With less and less frequency since the days of Public Enemy, Ice Cube and Poor Righteous Teachers has conscious, enlightened hip-hop crossed the line from encouraging self-awareness to developing a call to action. Today, R.A.P. Music (standing for ‘Rebellious African People’), the trill new release from Killer Mike, represents the sense of urgency to reach people with its message, addressing listeners of hip hop with a necessary force that feels directly descended from Ice Cube’s now-classic AmeriKKKa’s Most Wanted and Public Enemy’s It Takes A Nation Of Millions to Hold Us Back.
With production from El-P, Killer Mike’s discontent steers the conversation towards real issues of growing up black in the American south. Effortlessly stringent and direct, Mike maintains his verbal assault on the track at 100 level across every note. Never soft spoken or half-committed, Killer Mike showcases his firm grasp on a range of lyrical styles that bridges the influence of classic street knowledge with deft Bomb Squad-like production values, lyrically calculating the toils and dire recognition of the struggle to survive in America’s inner cities.

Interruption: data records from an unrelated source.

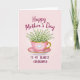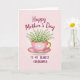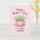 This design shows a glossy pink teacup with a thin gold rim and a gently curved handle, centered like a small gift ❤️. A small white raised heart sits on the cup, adding a quiet romantic touch as if it’s meant for someone close. From the cup spills a full bouquet of tiny bell-shaped white flowers with fresh green stems and leaves, leaning together in a tender, shared cluster. The cup rests on a matching pink saucer edged in gold, set against a soft blush background that fades subtly from lighter to slightly deeper pink. Near the top, a short greeting appears in deep magenta lettering, and a smaller line of text sits near the bottom in the same color, balanced around the central image 🌼. Gentle lighting highlights the smooth shine of the cup and the soft texture of each petal without harsh shadows. The gold trim catches the light along the rim and saucer edge, framing the flowers against the rosy gradient backdrop.
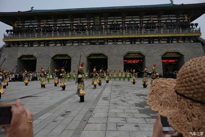 进唐城景区门口,是明德门,早上9点半,这边会有大型歌舞大唐迎宾,说实话,搞的还是有模有样,有一种穿越的感觉。
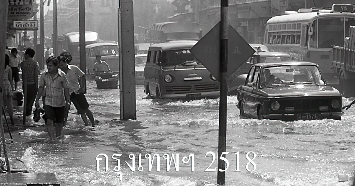 ภาพน้ำท่วมกรุงเทพมหานคร เมืองหลวงประเทศไทย ในช่วงฤดูฝน เมื่อปี พ.ศ. 2518 หรือ 45 ปีที่แล้ว โดยภาพเหตุการณ์น้ำท่วมดังกล่าวเป็นยุคของนายธรรมนูญ เทียนเงิน จากพรรคประชาธิปัตย์ เป็นผู้ว่าราชการกรุงเทพมหานคร และถือเป็นครั้งแรกที่คนเมืองหลวงได้ผู้ว่า ฯ มาจากการเลือกตั้ง ซึ่งถูกถ่ายภาพโดย Norman Peagam ผู้สื่อข่าวและช่างภาพ The New York Timesภาพจากเฟซบุ๊ก 50+
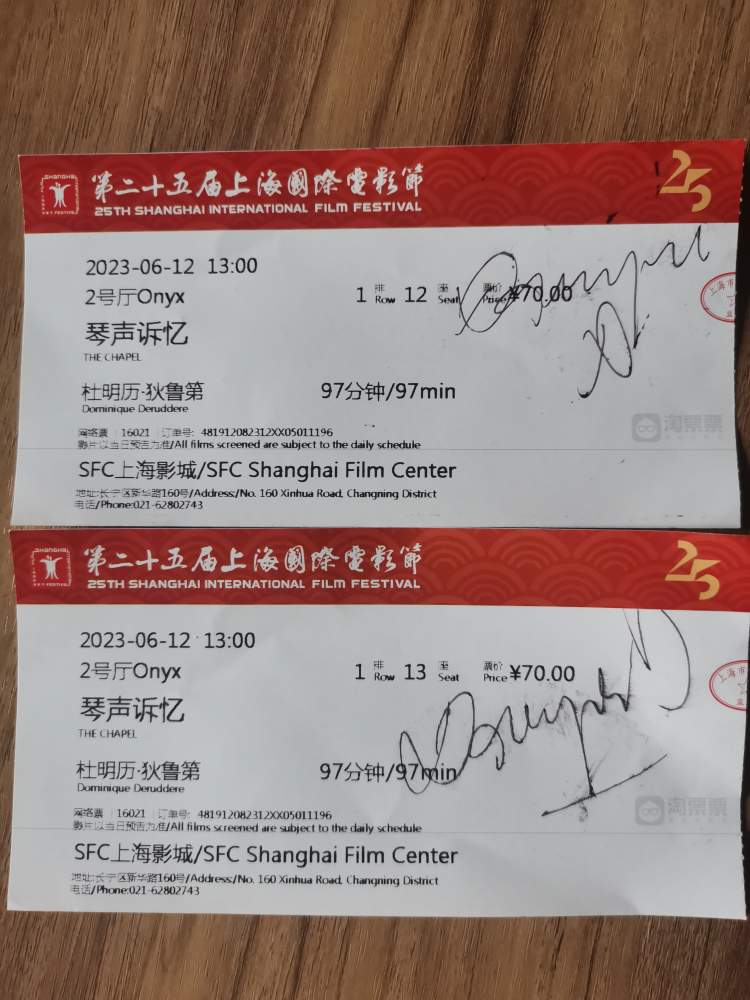 陆女士还向晨报记者展示了她多年来购买的电影票,一家人几乎是一年不落地参与上海国际电影节。这回观看《琴声诉忆》,陆女士不仅是冲着其入围金爵奖主竞赛单元的品质,也想带母亲来看看焕新后的上海影城,“我想入围金爵奖主竞赛单元的电影一定是好片子,比利时的电影平时也很难看到,专门来看一下”。
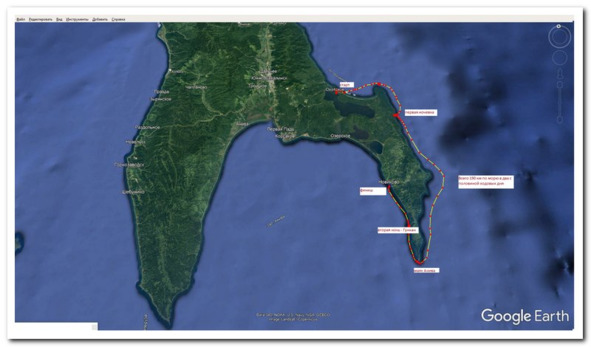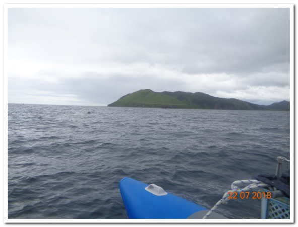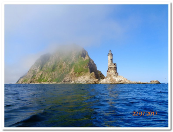 Вдалеке показалась гора Крузенштерна. Она доминирует по всему региону, не так давно на нее вернулись военные, и теперь там, как и в Советские времена, стоит радар дальнего обнаружения подлых натовских дерзких нарушителей границы. А еще, там сидят пограничники и бдят. Зазвонила рация и раздался голос – Кто мы и откуда, да куда путь держим, и какой номер нашего разрешения? Мы их быстро успокоили, что в Японию бежать не намерены даже если упадет туман. На этот раз нам поверили, и где то вдалеке черное жерло пушки перестало вести нас на мушке. Во всяком случае, я так почуял клетками поверхности кожи.
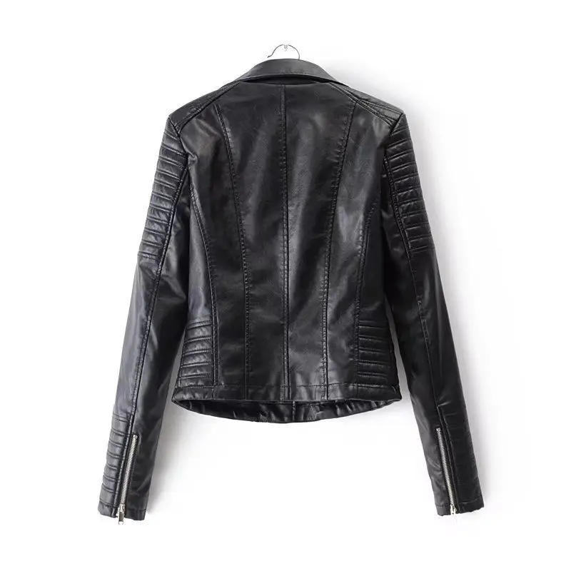Куртка женская из искусственной кожи с длинным рукавом, на осеньзиму
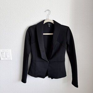 💼: women's work blazer, black office blazer, corporate layering piece, structured blazer XS, stretch blazer, professional wardrobe staple, career outfit must-have, fall workwear jacket, sleek business casual look, tailored office jacket, interview outfit essential, minimalist fall blazer
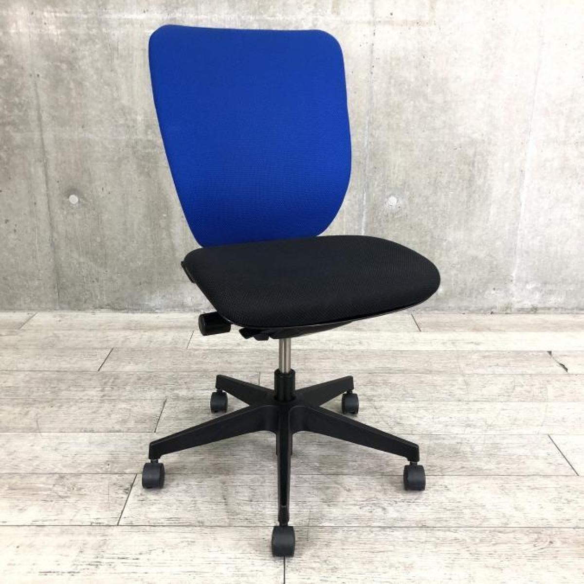 【腰にフィットするランバーサポート!身体にやさしい!】■イトーキ(ITOKI)製 プラオ(Prao)チェア 肘無しハイバック ■ストロングブルー×ブラック

Make no mistake, this record comes out h-a-r-d as it navigates Mike’s message: distrust of church and government (“Untitled (feat. Scar)”, the unending war of police vs. black youth (“Don’t Die”) and bubbling frustrations of black youth against elders in the church (“Ghetto Gospel”) — all issues that continue to plague the black community in our so-called “post-racial America”.
This song, “Reagan”, is a powerful indictment of the Reagan years that speaks for itself much more than anything I could tell you. Go get this, it’s out today. Killer Mike is out repping real hip-hop; R.A.P. Music has a message that needs delivering to a generation still lost and looking. Recognize.